SU748822A1 - Pulser - Google Patents

Description

(54) PULSE GENERATOR

one ,

The invention relates to a pulse technique and can be used to form rectangular voltage pulses and a linearly increasing current in inductive loads, for example, in electromagnets of accelerators of charged particles, pulse transformers.

Pulse generators are known that contain a storage capacitor bank connected to the load through a switching node, which is a combination of unmanaged and controlled gates 1 and 2. g

A device is known in which the formation of a rectangular voltage pulse 1 is possible.

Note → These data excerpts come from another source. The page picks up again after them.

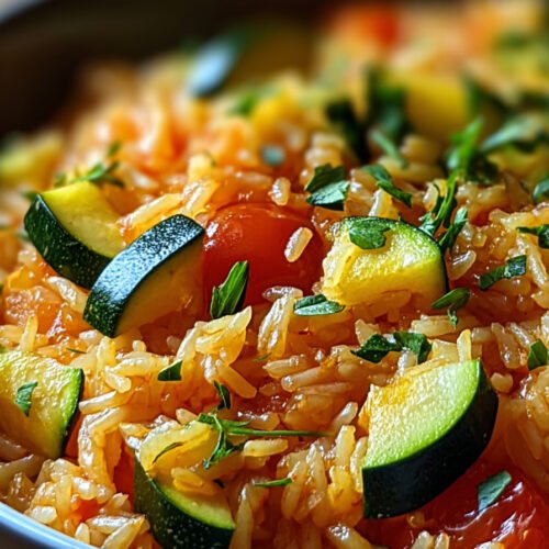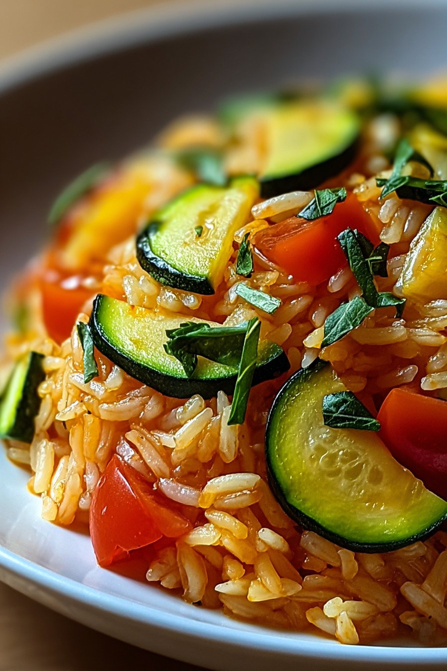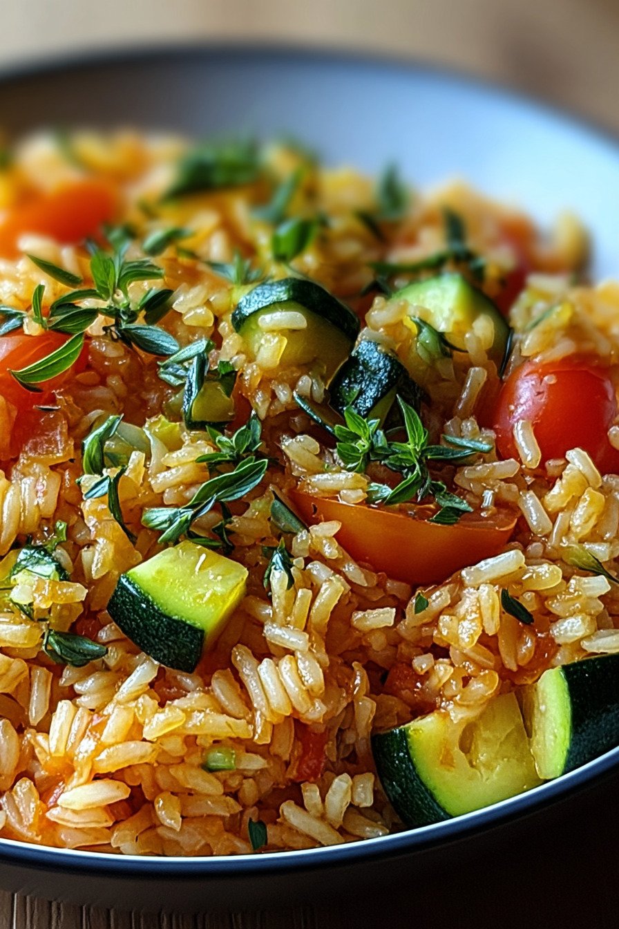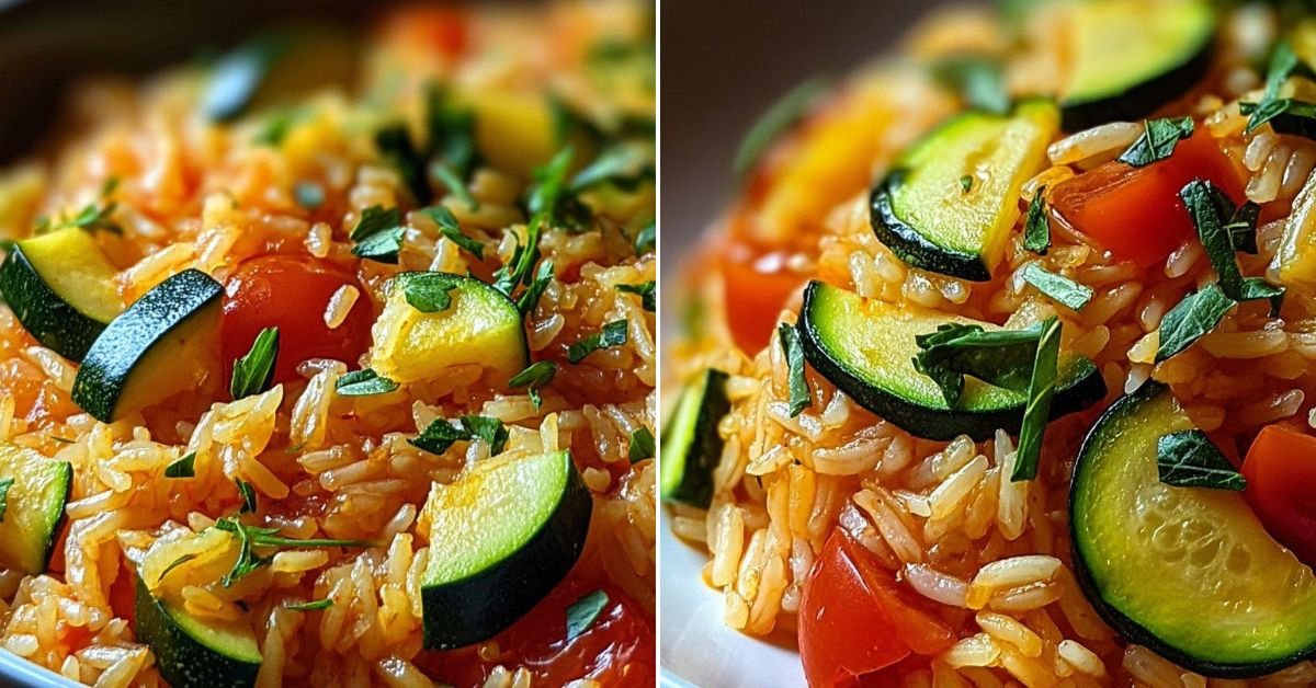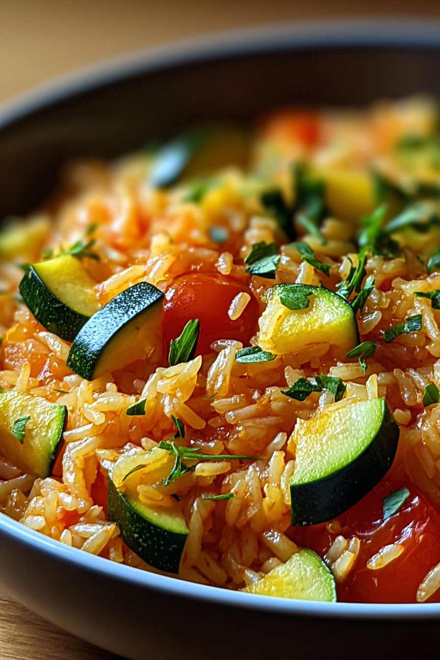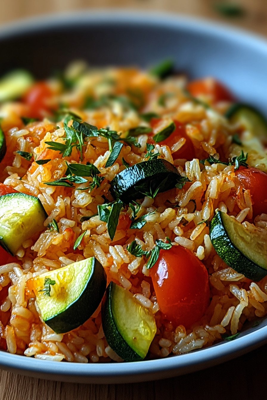 The pan stays simple. Zucchini and tomato meet soft rice. Olive oil brings shine. Garlic lifts the scent. We keep the steps short. We keep the flavor bold and clean.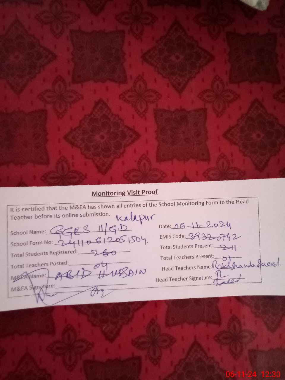 | EMIS Code: 39320742 | Name of School: GGES 11/G.D KALAPUR | |||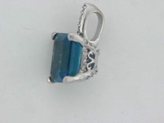 14K WHITE GOLD PENDANT WITH .15CT ROUND SHAPE DIAMOND SET IN PAVE SETTING WITH CENTER OF 4.15CT EMERALD CUT BLUE TOPAZ SET IN FOUR PRONGS SETTING.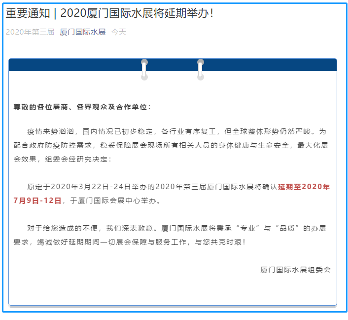 根據(jù)廈門水展設(shè)計(jì)搭建公司領(lǐng)藝展覽了解到,原定于2020年3月22日-24日舉辦的2020年第三屆廈門國際水展將確認(rèn)延期至2020年7月9日-12日,于廈門國際會展中心舉辦。如需廈門水展設(shè)計(jì)請聯(lián)系領(lǐng)藝展覽,希望我們能在廈門水展搭建上為您添磚加瓦,祝各位朋友收獲多多,滿載而歸!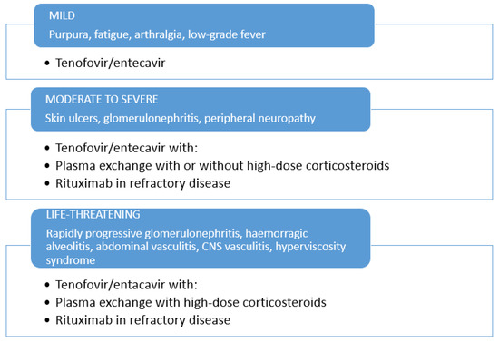 No specific treatment guidelines are currently available for patients with HBV-related CV and the best treatment has yet to be established. As demonstrated in HCV-related CV, direct antiviral agents are effective in a significant proportion of patients and usually introduced as the first-line treatment [66]. The literature reviews herein described, together with the original results we reported in a long-term follow-up of the largest series of patients treated with NAs, suggest that HBV replication is the triggering factor, and antiviral therapy may be the first-line treatment. The suppression of HBV replication is the goal to obtain CV remission, to prevent organ complications, and the possible evolution to lymphoproliferative disorders [67], which is a common neoplastic evolution in cryoglobulinemias, with possible underlying similar hyperactivated pathways and risk factors [68].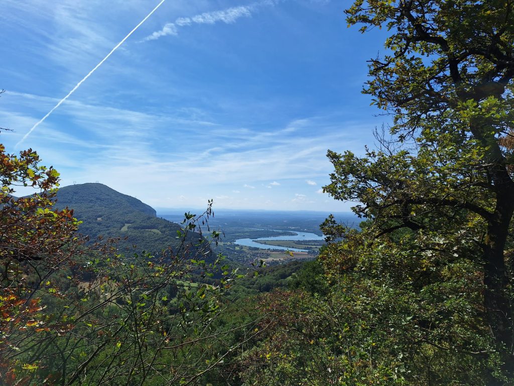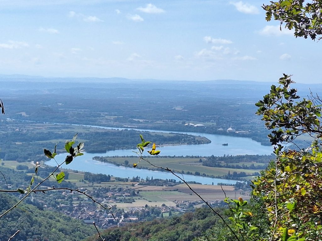Wir machen uns langsam auf den Rückweg. Serge fährt noch eine Schleife, um uns einen Blick auf die Rhône und unseren Campingplatz von oben zu geben.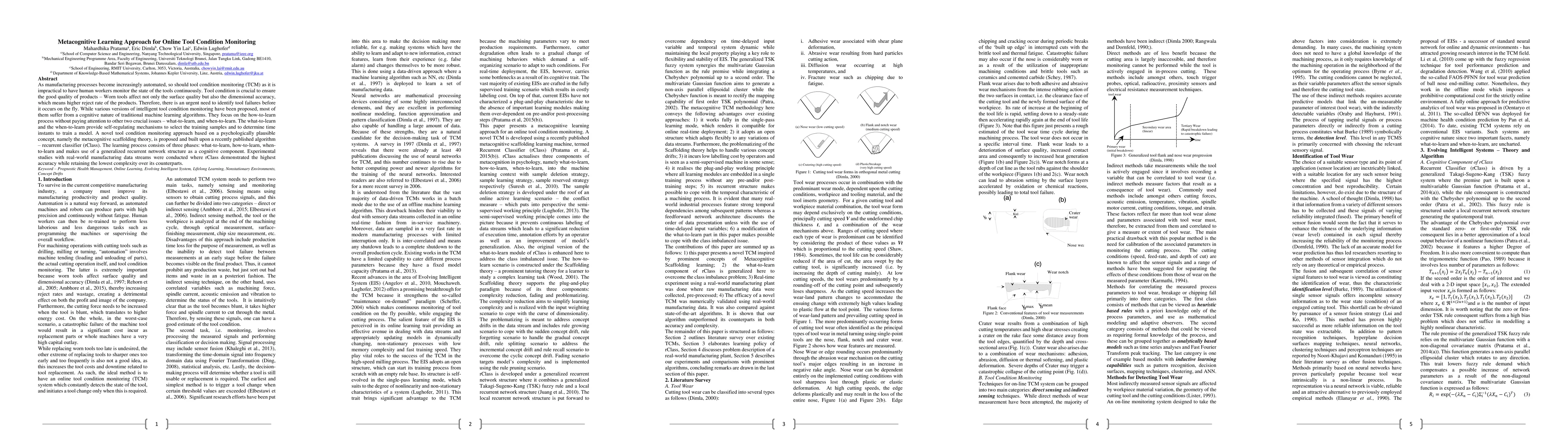 This paper proposes a metacognitive learning approach for online tool condition monitoring in automated manufacturing, addressing the limitations of traditional machine learning by focusing on what and when to learn to improve model accuracy and reduce complexity. The method, based on the metacognitive scaffolding theory and recurrent classifier, outperformed other methods in experimental studies using real-world data.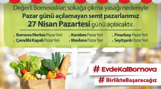 Bornova’da sokağa çıkma yasağı nedeniyle Pazar günü hizmet veremeyen tüm pazaryerleri Pazartesi günü açılacak. Bornova Belediyesi tarafından yapılan düzenlemeye göre; Bornova Merkez, Çamdibi, Mevlana, Pınarbaşı, Kandere ve Atatürk Mahallesi Şehit Kara Pilot Mehmet İlker Karaman Pazaryerleri Pazartesi günü kurulacak.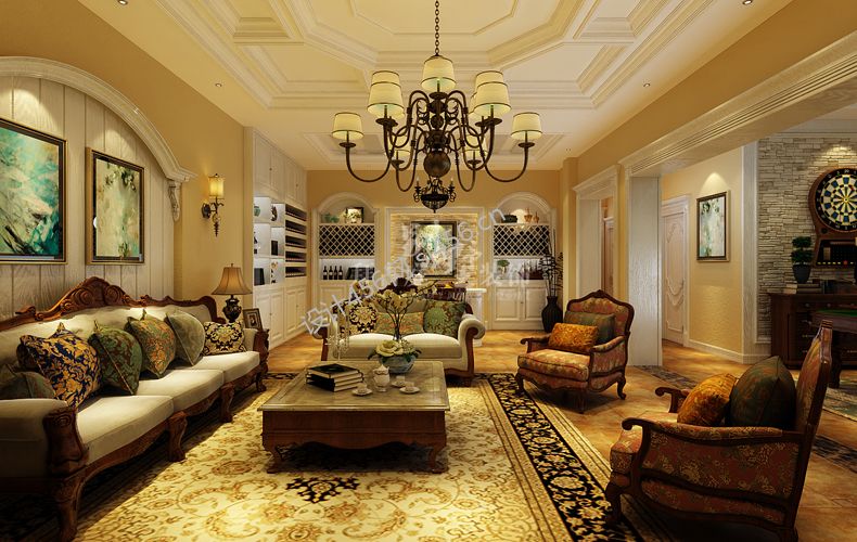 和达玺悦欧式风格450平米别墅装修案例风效果图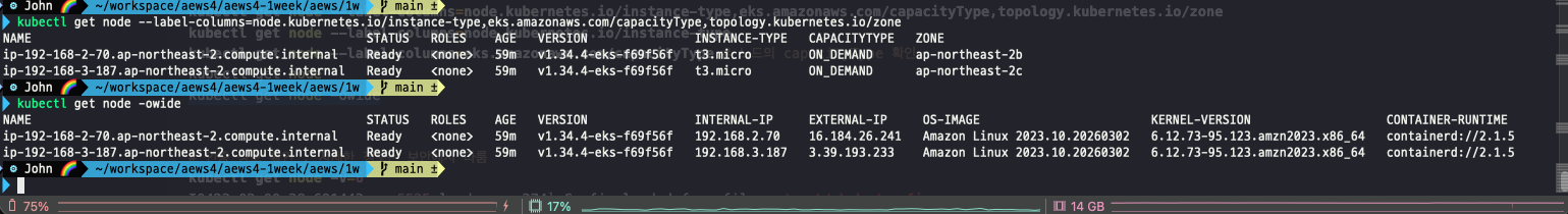 - 레이블 기반으로 노드 정보를 확인하였을 때 인스턴스 타입, 용량 유형, AZ를 확인할 수 있다.
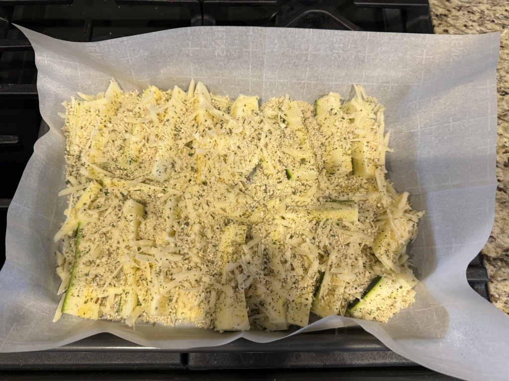 - Toddler: sprinkle the Parmesan on top of the zucchini as evenly as possible.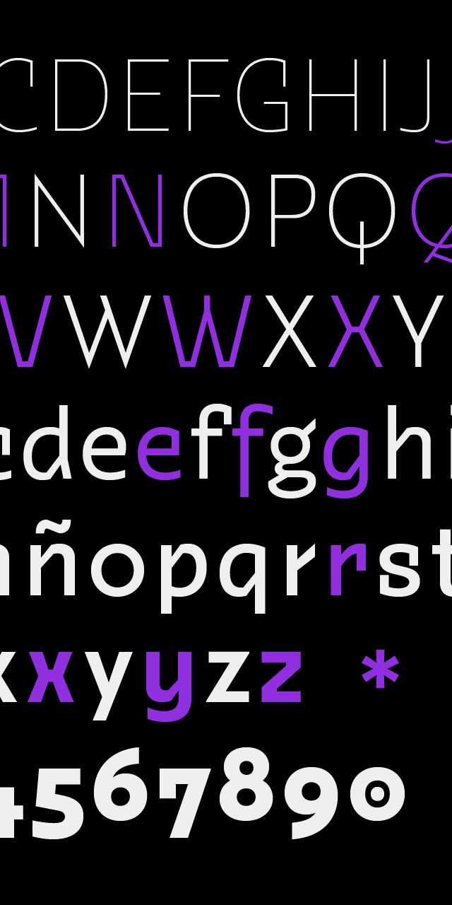 The concept behind the design responds to generating distinctive letterforms that enhance the message creating hierarchy and emphasis in the word. It has a character set with a great variety of alternative characters, which offer different composition possibilities.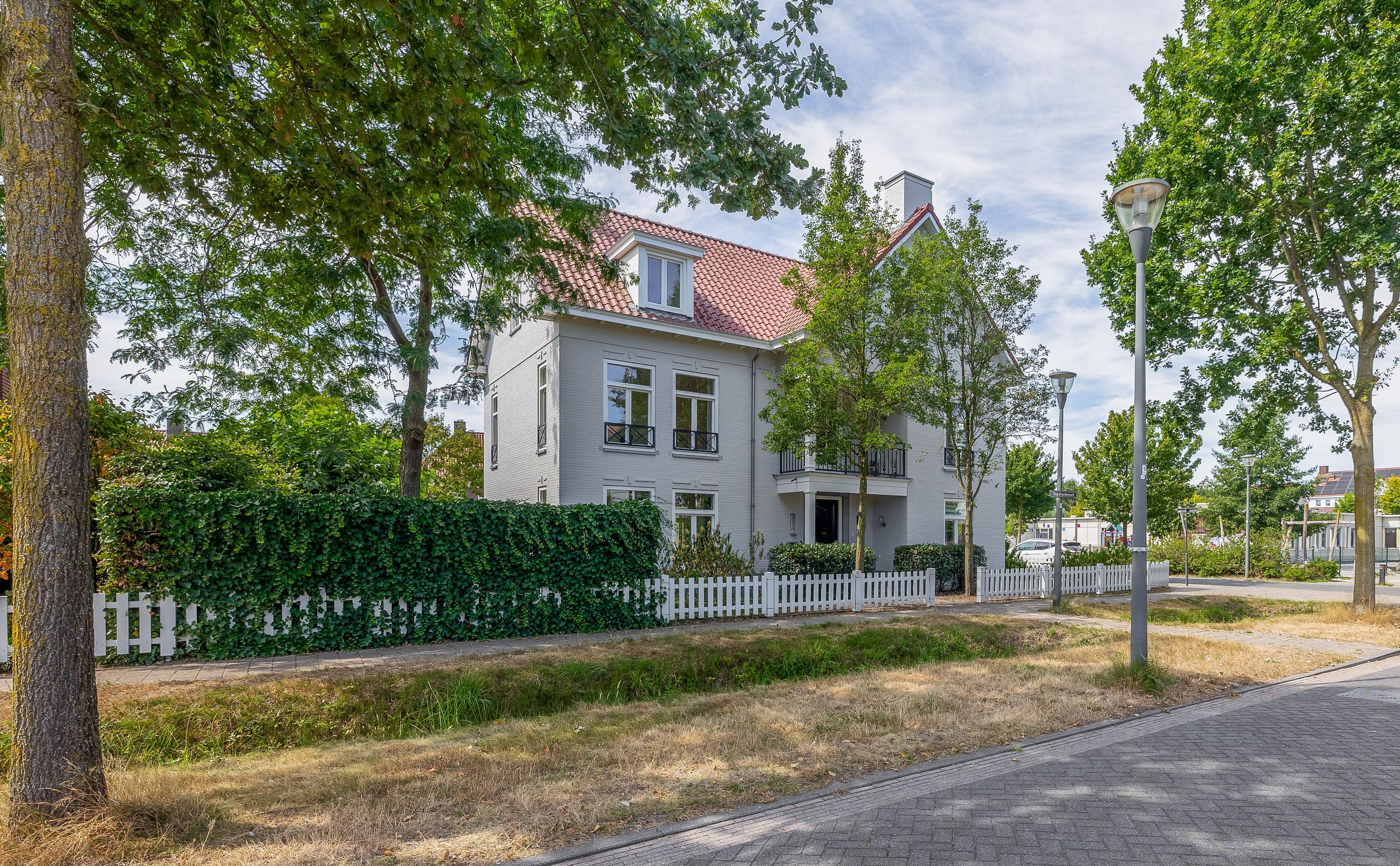 Αυτή η ανεξάρτητη βίλα στο Helmond βρίσκεται στην καρδιά της συνοικίας Brand του Brandevoort, σε γωνιακό οικόπεδο που ισορροπεί αρμονικά την ιδιωτικότητα με την αίσθηση ανοιχτότητας. Η κατοικία ξεχωρίζει με τη στέγη από κόκκινα κεραμίδια, τις προσεγμένες προεξοχές, τα μπαλκόνια και τη μοναδική τοιχοποιία, προσφέροντας έντονη ταυτότητα σε ένα ζωντανό αλλά ήσυχο οικιστικό περιβάλλον.

However, their minimum duration is limited by the conditions of the artificial switching 20 by fans, and, moreover, the device does not provide for the magnetization reversal of the electromagnet core.

The closest to this invention by its technical nature is a pulse generator containing two main storage capacitor batteries, the common point of one of the leads of which are connected directly to the common point of the JQ

the coil of the electromagnet and is grounded, connected by other leads of the plates to the windings of the electromagnet through the main controlled and uncontrollable valves and through the energy input diodes to the free terminals of the series-connected power sources, the common point of which is grounded 2.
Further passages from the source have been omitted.